File "workflow.py", line 40, in <module>
fire.Fire(DDGDABench)
File "/home/longc/anaconda3/envs/qlib/lib/python3.8/site-packages/fire/core.py", line 143, in Fire
component_trace = _Fire(component, args, parsed_flag_args, context, name)

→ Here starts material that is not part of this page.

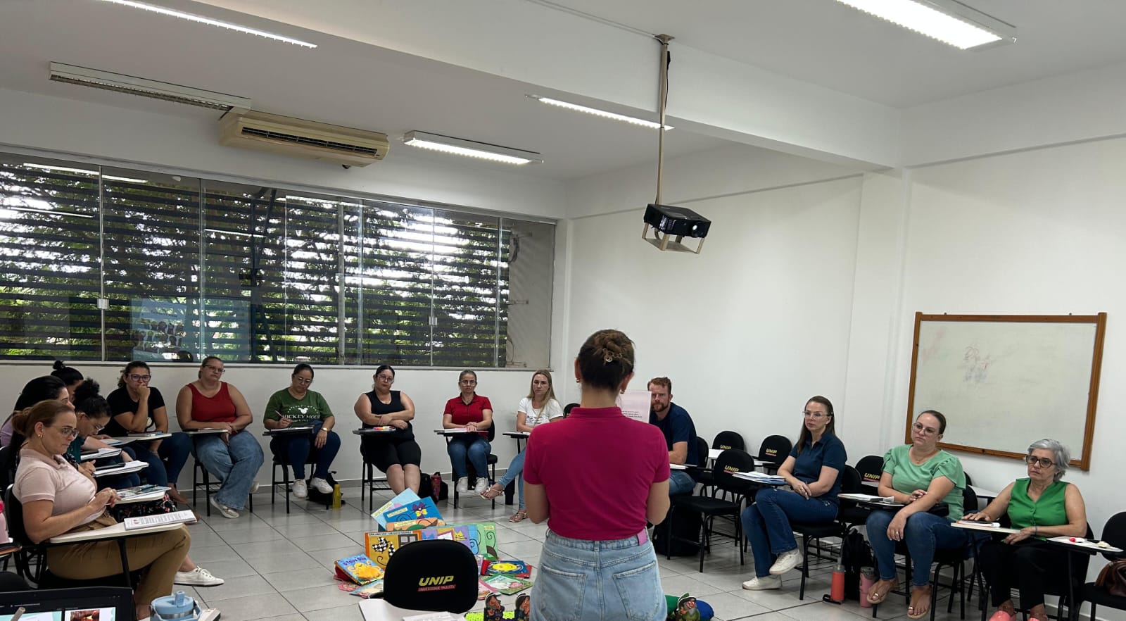 A formação foi conduzida pela formadora municipal do PROLEEI, que também atua como assessora da Educação Infantil (0 a 3 anos) e teve como foco a apresentação dos objetivos do programa, bem como o início das reflexões sobre a prática docente na Educação Infantil e o papel do professor na mediação das experiências das crianças com a linguagem, a leitura, a literatura e a cultura escrita.

File "/home/longc/anaconda3/envs/qlib/lib/python3.8/site-packages/fire/core.py", line 477, in _Fire
component, remaining_args = _CallAndUpdateTrace(
File "/home/longc/anaconda3/envs/qlib/lib/python3.8/site-packages/fire/core.py", line 693, in _CallAndUpdateTrace
component = fn(*varargs, **kwargs)
File "/home/longc/anaconda3/envs/qlib/lib/python3.8/site-packages/qlib/contrib/rolling/ddgda.py", line 335, in run
self._dump_meta_ipt()
File "/home/longc/anaconda3/envs/qlib/lib/python3.8/site-packages/qlib/contrib/rolling/ddgda.py", line 213, in _dump_meta_ipt
internal_data.setup(trainer=TrainerR)
File "/home/longc/anaconda3/envs/qlib/lib/python3.8/site-packages/qlib/contrib/meta/data_selection/dataset.py", line 84, in setup
assert 0 == len(recorders), "An empty experiment is required for setup `InternalData`"
AssertionError: An empty experiment is required for setup `InternalData`
I met this empty recorders error here. I struggled to check the code but I did not have a clue now.
Below is the version of my packages relatively
(qlib) [longc@arch DDG-DA]$ python3
Python 3.8.18 | packaged by conda-forge | (default, Dec 23 2023, 17:21:28)
[GCC 12.3.0] on linux
Type "help", "copyright", "credits" or "license" for more information.
>>> import qlib
>>> import pandas as pd
>>> import numpy as np
>>> import torch
>>> print("Qlib version:", qlib.__version__)
Qlib version: 0.9.3
>>> print("Pandas version:", pd.__version__)
Pandas version: 1.5.3
>>> print("NumPy version:", np.__version__)
NumPy version: 1.23.5
>>> print("PyTorch version:", torch.__version__)
PyTorch version: 1.11.0+cu113
I really appreciate any help if possible. Thanks!!!
ZhongHaoAustin commented
Try to remove the mlrun dir using rm -rf mlrun
in the examples/benchmarks_dynamic/DDG-DA